◆ YOUR INSTRUCTIONS
Return the listing below verbatim. Pictures do not belong in the copy.

◆ GIVEN MATERIAL
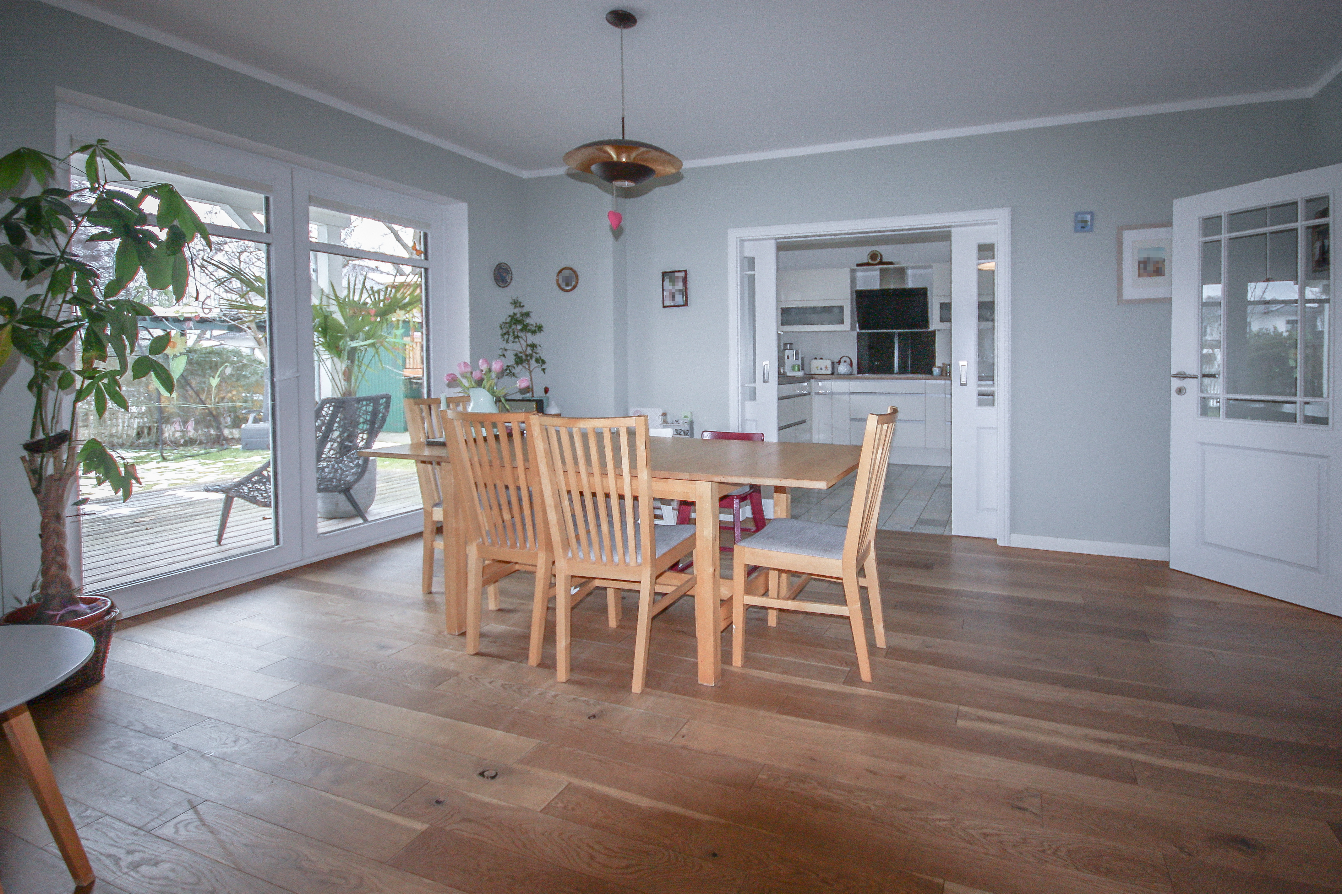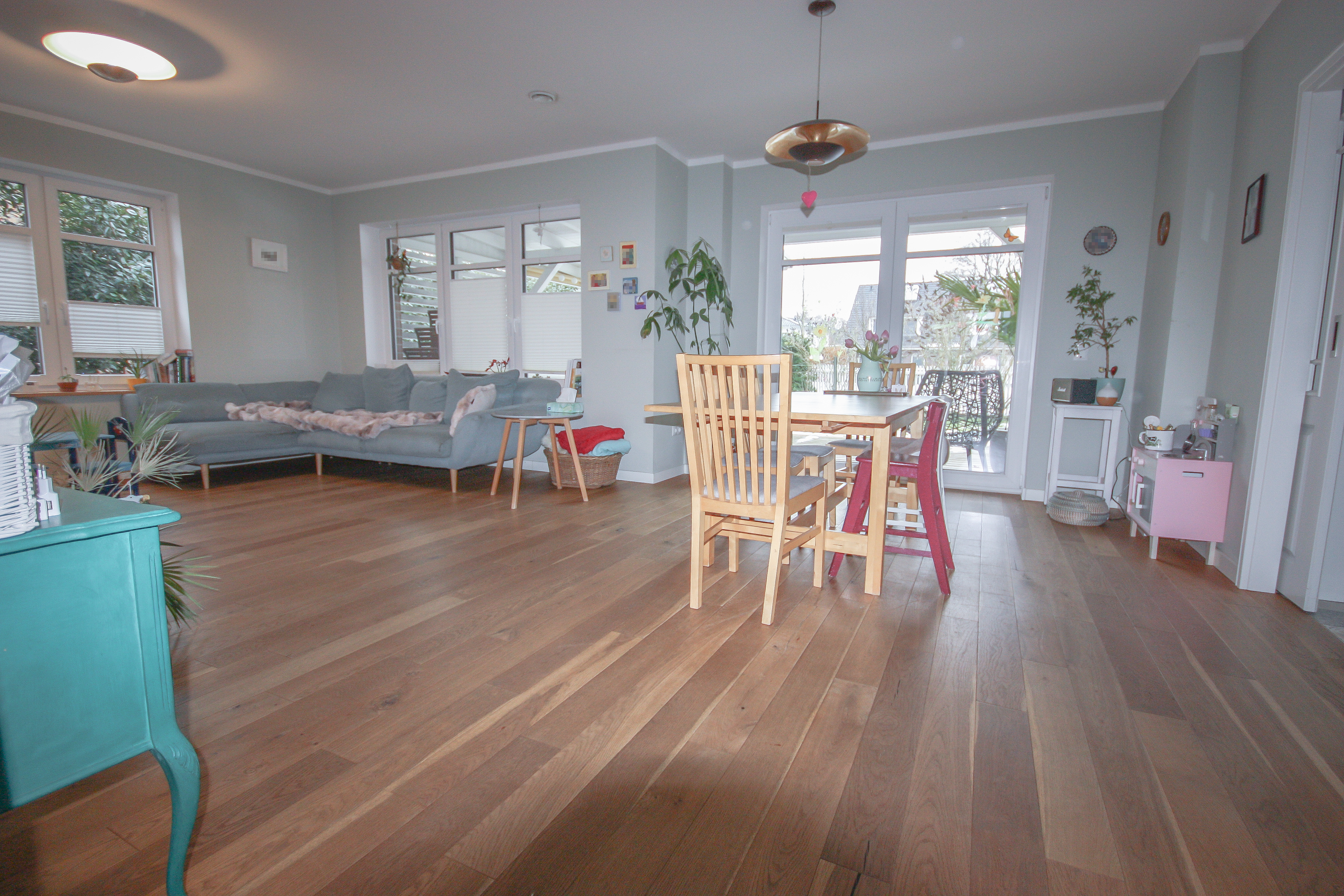 Der Wohn- und Essbereich ist dank der zahlreichen Fenster lichtdurchflutet und vermittelt ein offenes, freundliches Wohngefühl. Der großzügige und vorteilhafte Grundriss bietet ausreichend Platz für eine große Esstafel sowie einen gemütlichen Wohnbereich mit vielfältigen Stellmöglichkeiten.
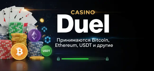 Казино Дуэль позволяет играть только с помощью криптовалют, поэтому здесь нет возможности пополнения с банковских карт. Казино стремится к анонимной игре и моментальным выплатам, поэтому подобные сервисы вызывают сложности.
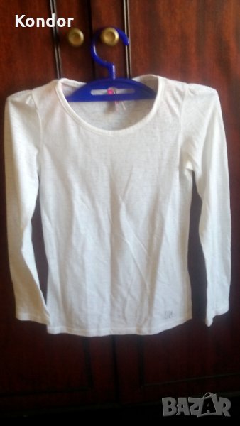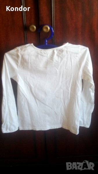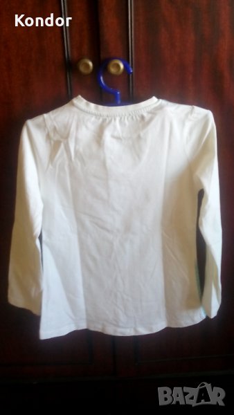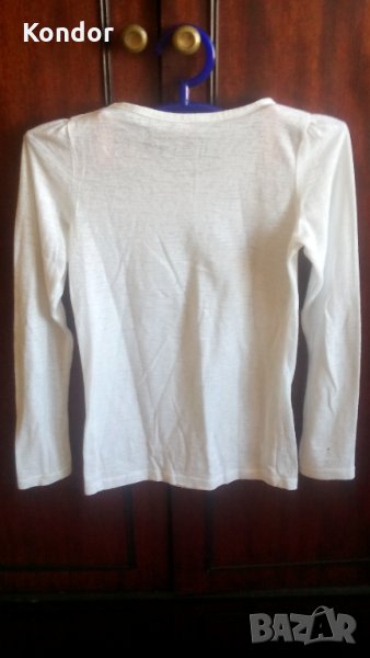 Блузка детска за момиче JOVELY ORCHESTRA Размер 128 см. За 8 годишни. Състав 100% памук. Цвят бяла. С обло деколте с дълбочина 6 см. Обща дължина 49 см. Дължина дълъг ръкав 46 см. Ширина ръкав горе 24 см, долу 16 см. Широчина рамене 24 +24 см, широчина гърди 30 + 30 см, широчина талия 58 см, ханш 60см

◆ EXERCISE RESULT
 Der Wohn- und Essbereich ist dank der zahlreichen Fenster lichtdurchflutet und vermittelt ein offenes, freundliches Wohngefühl. Der großzügige und vorteilhafte Grundriss bietet ausreichend Platz für eine große Esstafel sowie einen gemütlichen Wohnbereich mit vielfältigen Stellmöglichkeiten.
 Казино Дуэль позволяет играть только с помощью криптовалют, поэтому здесь нет возможности пополнения с банковских карт. Казино стремится к анонимной игре и моментальным выплатам, поэтому подобные сервисы вызывают сложности.
 Блузка детска за момиче JOVELY ORCHESTRA Размер 128 см. За 8 годишни. Състав 100% памук. Цвят бяла. С обло деколте с дълбочина 6 см. Обща дължина 49 см. Дължина дълъг ръкав 46 см. Ширина ръкав горе 24 см, долу 16 см. Широчина рамене 24 +24 см, широчина гърди 30 + 30 см, широчина талия 58 см, ханш 60см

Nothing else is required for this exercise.